As such, Technomic has listed “extreme weather” as one of its predictions for the restaurant industry in 2024, noting: “The growing frequency and intensity of extreme weather events, such as heat waves, storms and cold snaps, will continue to affect restaurant sales and traffic.”

These extreme weather events could be further fueled by El Niño in 2024. According to the National Oceanic and Atmospheric Administration, that means warmer oceanic waters will push the Pacific jet stream to move south of its otherwise neutral position. Typically, that means dryer and warmer conditions in the northern U.S. and Canada, and wetter than usual conditions – and increased flooding – in the south.

Because of these increasingly extreme occurrences, property insurance rates and availability have become a major challenge. In fact, Tim Smith, senior vice president and National Hospitality Practice director at IMA Financial Group, an independent insurance broker, said today’s insurance market is the toughest in his 30-year career managing risk for hospitality companies.

What’s making it tough?

“Property insurance rate hikes are primarily due to the unheard-of number of catastrophic (CAT) weather events, which Moody’s estimates averaged $100 billion in losses in the past five years,” Smith said. “Finding insurance carriers is more complex than ever before. As many know, carriers like State Farm pulled out of the Florida market. Still, coverage is more challenging to attain in most weather-affected states, and the number of regions experiencing CAT events is growing. Only when weather events subside will finding insurance carriers to write property insurance be easy.”

To help control costs within a restaurant’s four walls, Technomic recommends kitchen reconfigurations, energy-saving equipment, misters and fans, and upgraded HVAC systems and windows. Additionally, consider menu updates in the summer, including dishes that require little heat and a more comfortable back-of-house setting.

“And changing climates will require operators to anticipate an impact on item availability, taste and quality,” Technomic notes. “Which will lead to diversifying sources and products.”

General liability also increases

Property insurance isn’t the only pressure operators are facing on the insurance side of things. General liability claims are also increasing and, therefore, becoming more costly. Smith said the tight labor market is driving some of these increases.

“We’ve seen a lack of training as restaurants and hotels lost many of their veteran staff during the COVID lockdowns and had to fill positions with new, less experienced employees. As a result, locations have seen costly ‘premises liability’ claims from customers,” he said.

Those claims range from a trip and fall due to a poorly mopped/dried floor, to improper food handling to customer service issues. Smith said the environment is more litigious than it’s been in the past, intensified by social media, which has driven more claims.
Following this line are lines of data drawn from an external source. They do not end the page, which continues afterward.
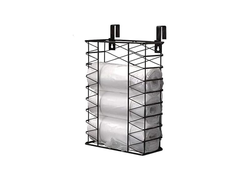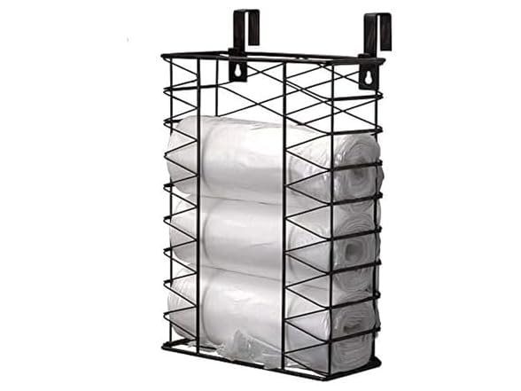 - EASY ACCESS: basket features a large opening on top to insert rolls of bags, and a dispenser opening on front for quick removal of bags
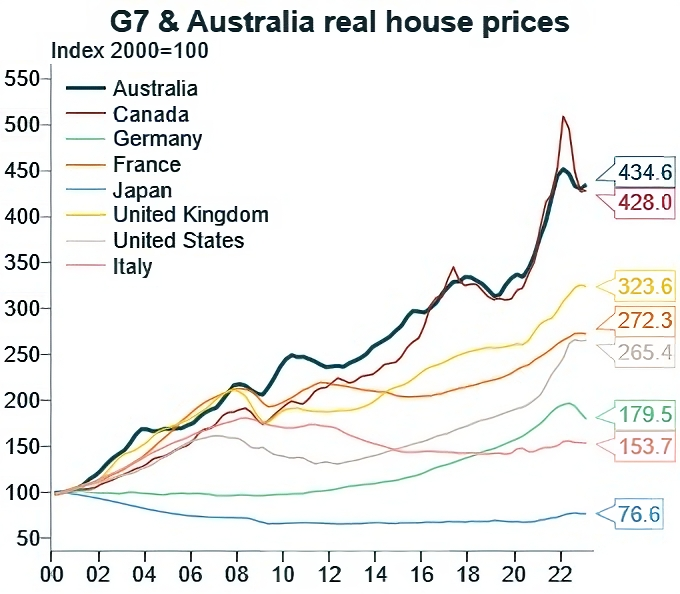 Eyeballing the above chart, the country most like Australia – but one which hiked rates much earlier – looks to be Canada. Our Commonwealth cousin also ticks a few other boxes, such as runaway house prices.
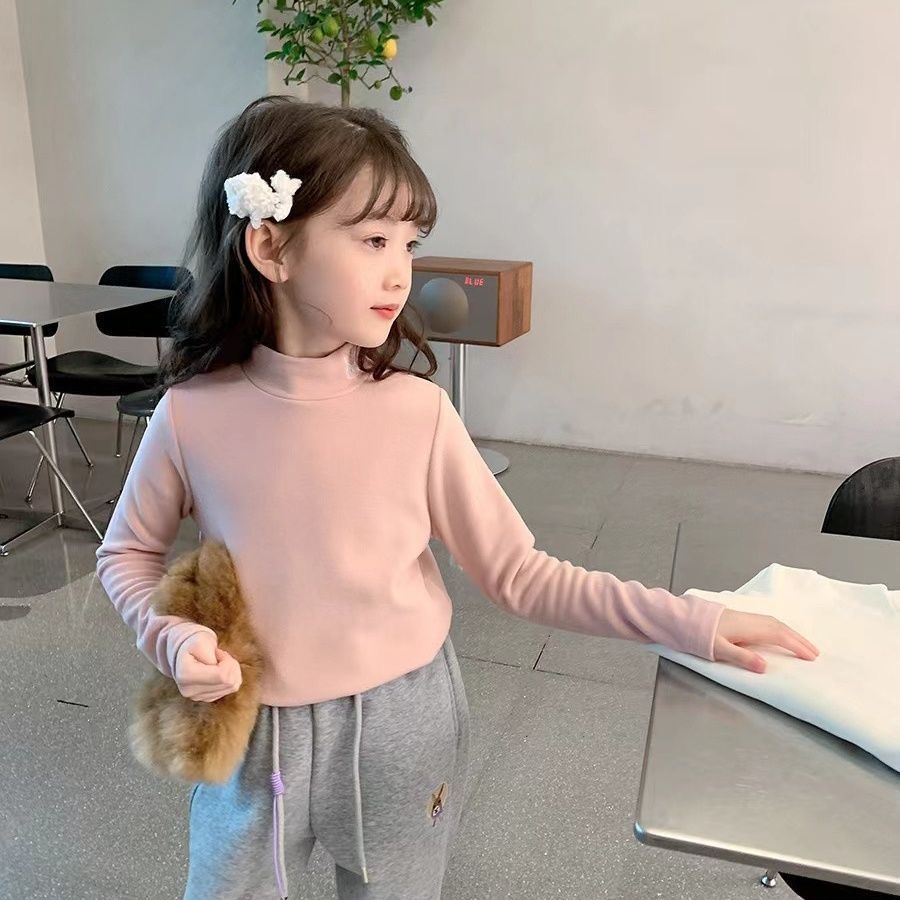 소녀베이스 셔츠 두껍게 양면 양털 반쪽 칼라 아기의 긴팔 티셔츠 서양식 중대형 어린이 안쪽 따뜻한 탑
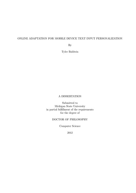 As mobile devices have become more common, the need for efficient methods of mobile device text entry has grown. With this growth comes new challenges, as the constraints imposed by the size, processing power, and design of mobile devices impairs traditional text entry mechanisms in ways not seen in previous text entry tasks. To combat this, researchers have developed a variety of text entry aids, such as automatic word completion and correction, that help the user input the desired text more quickly and accurately than unaided input. Text entry aids are able to produce meaningful gains by attempting to model user behavior. These aids rely on models of the language the user speaks and types in and of user typing behavior to understand the intent of a user's input. Because these models require a large body of supervised training data to build, they are often built offline using aggregate data from many users. When they wish to predict the behavior of a new user, they do so by comparing their input to the behavior of the ``average'' user used to build the models.Alternatively, a model that is built on the current user's data rather than that of an average user may be better able to adapt to their individual quirks and provide better overall performance. However, to enable this personalized experience for a previously unseen user the system must be able to collect the data to build the models online, from the natural input provided by the user. This not only allows the system to better model the user's behavior, but it also allows it to continuously adapt to behavioral changes. This work examines this personalization and adaptation problem, with a particular focus on solving the online data collection problem.This work looks at the online data collection, personalization, and adaptation problems at two levels. In the first, it examines lower level text entry aids that attempt to help users input each individual character. Online data collection and personalization are examined in the context of one commonly deployed character-level text entry aid, key-target resizing. Several simple and computationally inexpensive data collection and assessment methods are proposed and evaluated. The results of these experiments suggest that by using these data assessment techniques we are able to dynamically build personalized models that outperform general models by observing less than one week's worth of text input from the average user. Additional analyses suggest that further improvements can be obtained by hybrid approaches that consider both aggregate and personalized data.We then step back and examine the data assessment and collection process for higher-level text entry aids. To do so we examine two text entry aids that work at the word level, automatic word correction and automatic word completion. Although their stated goal differs, these aids work similarly and, critically, fail similarly. To improve performance, data assessment methods that can detect cases of system failure are proposed. By automatically and dynamically detecting when a system fails for a given user, we are better able to understand user behavior and help the system overcome its shortfalls. The results of these experiments suggest that a careful examination of user dialogue behavior will allow the system to assess its own performance. Several methods for utilizing the self-assessment data for personalization are proposed and are shown to be plausibly able to improve performance.

In other words, insurance rates across the board are likely to continue on an upward trend. Could operators find opportunities with leveraged buying pools? Could franchisors negotiate insurance programs for franchised restaurant groups to leverage a buying force in the marketplace?

“Restaurateurs who think differently and plan appropriately can manage their insurance costs with thoughtful packages and sound operations even before a claim is made,” Smith said.